Abstract
BACKGROUND:
Patients who are prescribed specialty medications require close monitoring, including assessment of laboratory parameters, toxicities, and adherence. Specialty pharmacies integrated within a health system are able to access records, assess therapy, and efficiently communicate with prescribers.
OBJECTIVE:
To analyze interventions made by clinical pharmacists within the Cleveland Clinic Specialty Pharmacy (CCSP) regarding cost avoidance for the health care system and improvements in patient safety.
METHODS:
This was a retrospective, observational study that analyzed pharmacist interventions regarding specialty hematology/oncology medications.

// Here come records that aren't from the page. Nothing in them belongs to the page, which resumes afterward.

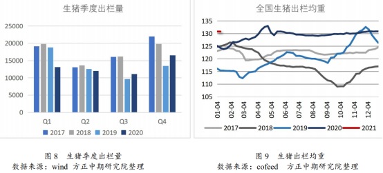 而国家统计局数据显示,四季度生猪出栏16518万头,比上年同期增长22.9%,但较正常年份出栏量仍有明显差距,表明产能恢复存在预期差。但是进入一月以来,受冬季疫病反复的担忧,出栏节奏有所加快,生猪出栏体重呈现缓跌态势。根据cofeed数据,截止至1月20日当周,全国生猪出栏均重为130.66公斤,环比前周减少0.11 公斤,已经是连续第三周下滑。
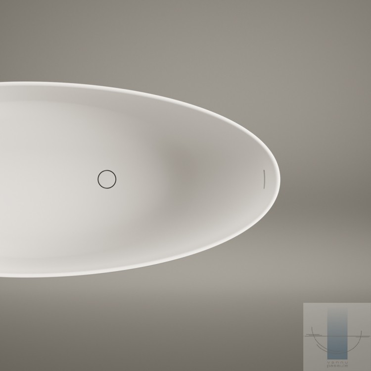 Ievērojama un plaša olveida vanna. Izveidota no Silkstone – mūsdienu marmora: izsmalcināta un izturīga akmens ar samtainu, siltu virsmu. Roku darbs.
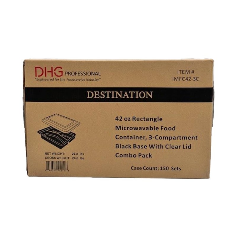 DHG PROFESSIONAL 42oz Food Prep Containers with 3-compartment Black Base & Clear Lids - Rectangular - Microwavable Disposable Freezer-Safe BPA-Free Plastic Meal Storage, Combo Pack of 150 sets
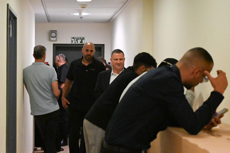 Members of the Knesset’s Foreign Affairs and Defence Committee huddle in a safe room during an Iranian missile attack on June 22, 2025. Photo by Yoav Dudkevitch/TPS-IL
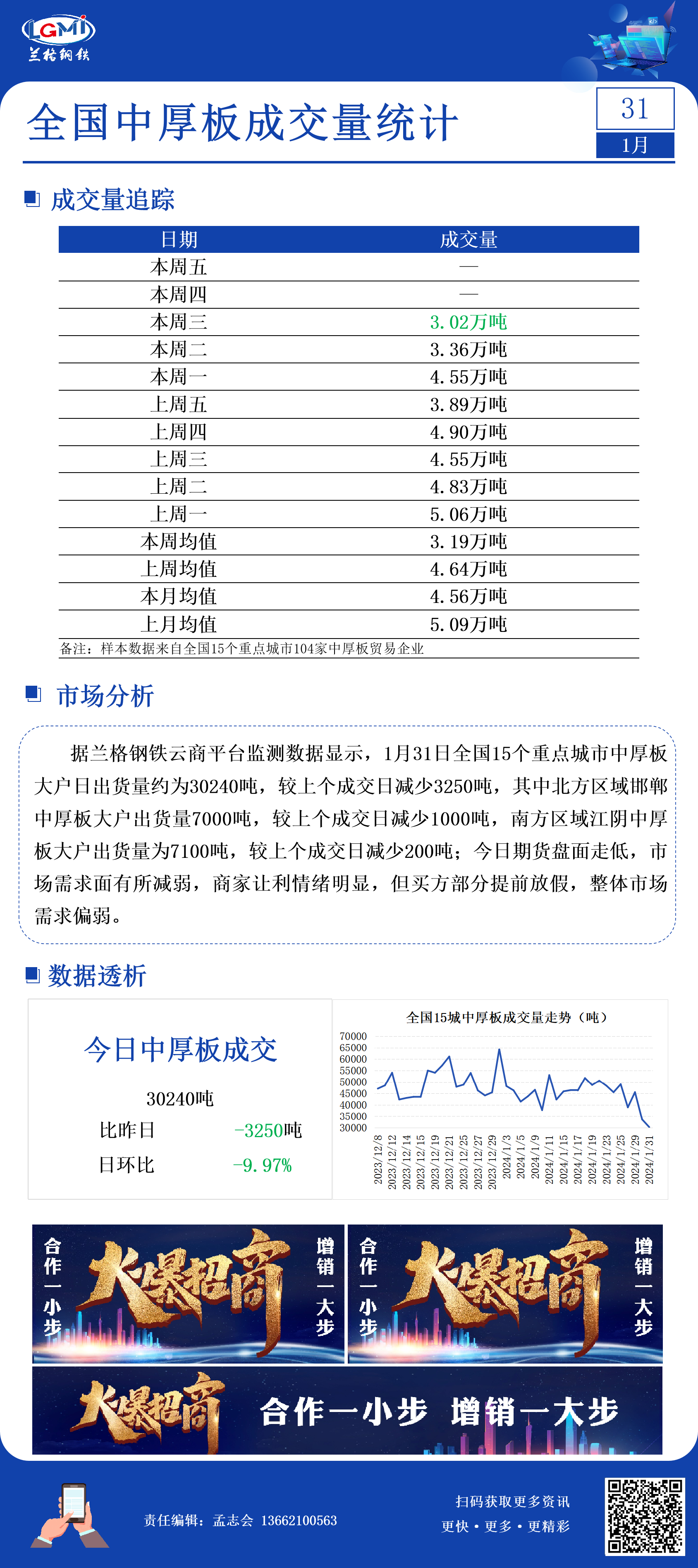 - 1月31日全国15个重点城市中厚板大户日成交量减少2024/1/31
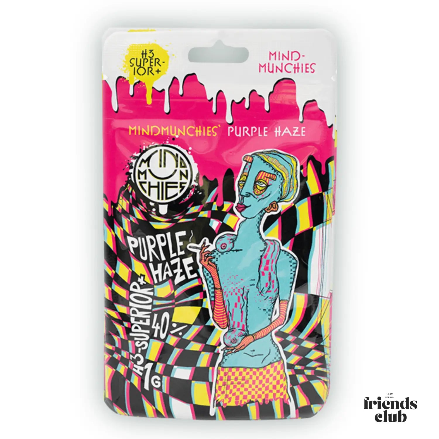 Mit psychedelischem Design und kraftvoller Rezeptur bringt „Purple Haze“ aus der Mind Munchies Serie ein dekoratives Highlight mit intensivem Aroma. Die Mischung enthält 40 % H3 Superior+ und ist ausschließlich für den aromatischen oder sammlerischen Gebrauch vorgesehen.
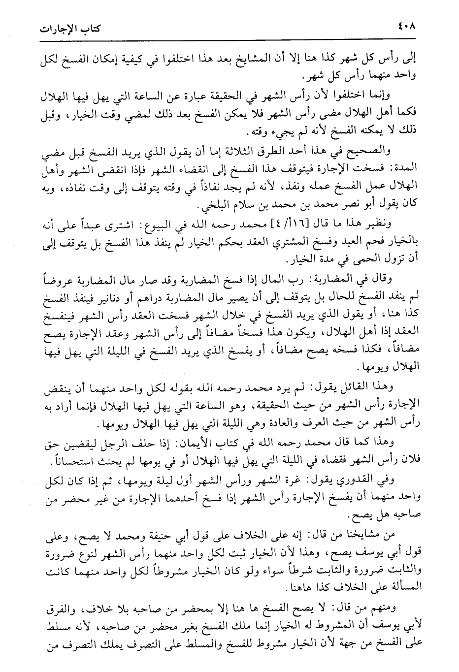 وهذا القائل يقول: لم يرد محمد رحمه الله بقوله لكل واحد منهما أن ينقض الإجارة رأس الشهر من حيث الحقيقة، وهو الساعة التي يهل فيها الهلال فإنما أراد به رأس الشهر من حيث العرف والعادة وهي الليلة التي يهل فيها الهلال ويومها.
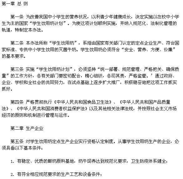 我國"學(xué)生飲用奶計(jì)劃"暫行管理方法
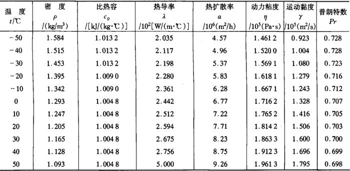 式中 Q3a——货物的通风换气耗冷量,W Q3b——操作人员的通风换气耗冷量,W n——每昼夜更换新鲜空气的次数,一般可采用2~3次 V——该库房的内净容积,m3 ρn——该库房的空气密度,kg/m3,见表6-7-63 表6-7-63 干空气在压力为101.325kPa时对传热有影响的物理参数

Interventions were measured with pharmacist documentation within the electronic health record (EHR).
The primary endpoint was the cost-avoidance effect of clinical pharmacist interventions resulting from pharmacist access to the EHR. Secondary endpoints included pharmacist interventions that led to additional ancillary or supportive care, time taken to perform interventions, total interventions according to new or refill status, and total interventions performed according to insurance subtype.
RESULTS:
547 interventions were identified during the study period, with a total cost avoidance of $1,508,131. The intervention with the highest overall cost savings was discontinuation of therapy ($290,091). The highest cost savings, based on intervention type, was lack of follow-up ($30,892). The medication with the highest overall cost savings was abiraterone ($273,160). Gilteritinib was associated with the highest cost saving per intervention ($28,350). The indication with the highest overall cost savings was prostate cancer ($402,601), while cutaneous T-cell lymphoma had the highest cost savings per intervention ($25,424).
CONCLUSIONS:
CCSP pharmacist interventions led to significant overall cost savings to the health care system. Although not measured in this study, it is reasonable to expect that decreased medication use may also translate into less financial burden for patients, as well as for pharmacy benefit managers. Access to the EHR and integration within the health care system may have facilitated the cost savings.

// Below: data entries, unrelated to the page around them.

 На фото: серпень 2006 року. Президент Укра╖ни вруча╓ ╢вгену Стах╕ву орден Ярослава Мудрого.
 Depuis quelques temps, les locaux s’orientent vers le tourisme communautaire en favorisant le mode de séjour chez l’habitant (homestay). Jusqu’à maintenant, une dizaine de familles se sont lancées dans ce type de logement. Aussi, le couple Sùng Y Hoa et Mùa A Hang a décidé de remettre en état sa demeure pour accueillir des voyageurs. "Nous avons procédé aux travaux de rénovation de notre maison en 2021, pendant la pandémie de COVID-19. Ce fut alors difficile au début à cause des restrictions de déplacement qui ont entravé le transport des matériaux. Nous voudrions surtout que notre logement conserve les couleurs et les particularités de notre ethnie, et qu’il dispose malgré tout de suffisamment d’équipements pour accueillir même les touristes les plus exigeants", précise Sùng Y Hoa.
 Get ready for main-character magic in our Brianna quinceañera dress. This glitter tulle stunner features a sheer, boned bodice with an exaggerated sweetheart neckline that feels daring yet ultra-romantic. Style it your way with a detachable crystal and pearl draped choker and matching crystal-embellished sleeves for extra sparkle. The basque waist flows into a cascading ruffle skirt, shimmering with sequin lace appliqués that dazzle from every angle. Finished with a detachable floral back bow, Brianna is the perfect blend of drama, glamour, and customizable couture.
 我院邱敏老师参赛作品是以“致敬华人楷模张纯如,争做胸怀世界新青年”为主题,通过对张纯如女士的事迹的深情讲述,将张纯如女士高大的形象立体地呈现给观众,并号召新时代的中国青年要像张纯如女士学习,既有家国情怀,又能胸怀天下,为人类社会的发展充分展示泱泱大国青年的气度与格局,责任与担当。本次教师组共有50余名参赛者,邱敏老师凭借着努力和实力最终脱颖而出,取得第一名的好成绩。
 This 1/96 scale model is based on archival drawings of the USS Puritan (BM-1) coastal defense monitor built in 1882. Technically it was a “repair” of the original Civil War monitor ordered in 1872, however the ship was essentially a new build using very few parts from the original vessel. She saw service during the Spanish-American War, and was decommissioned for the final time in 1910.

What is already known about this subject
Specialty medications are associated with high cost and high burden of disease and medication management.
Specialty pharmacies integrated within a health care system may be advantageous due to accessibility of full medical records and expedited communication with health care providers.
What this study adds
Clinical pharmacist interventions within an integrated specialty pharmacy correspond with significant cost avoidance.
Accessibility to patients’ EHRs allowed for additional pharmacist intervention.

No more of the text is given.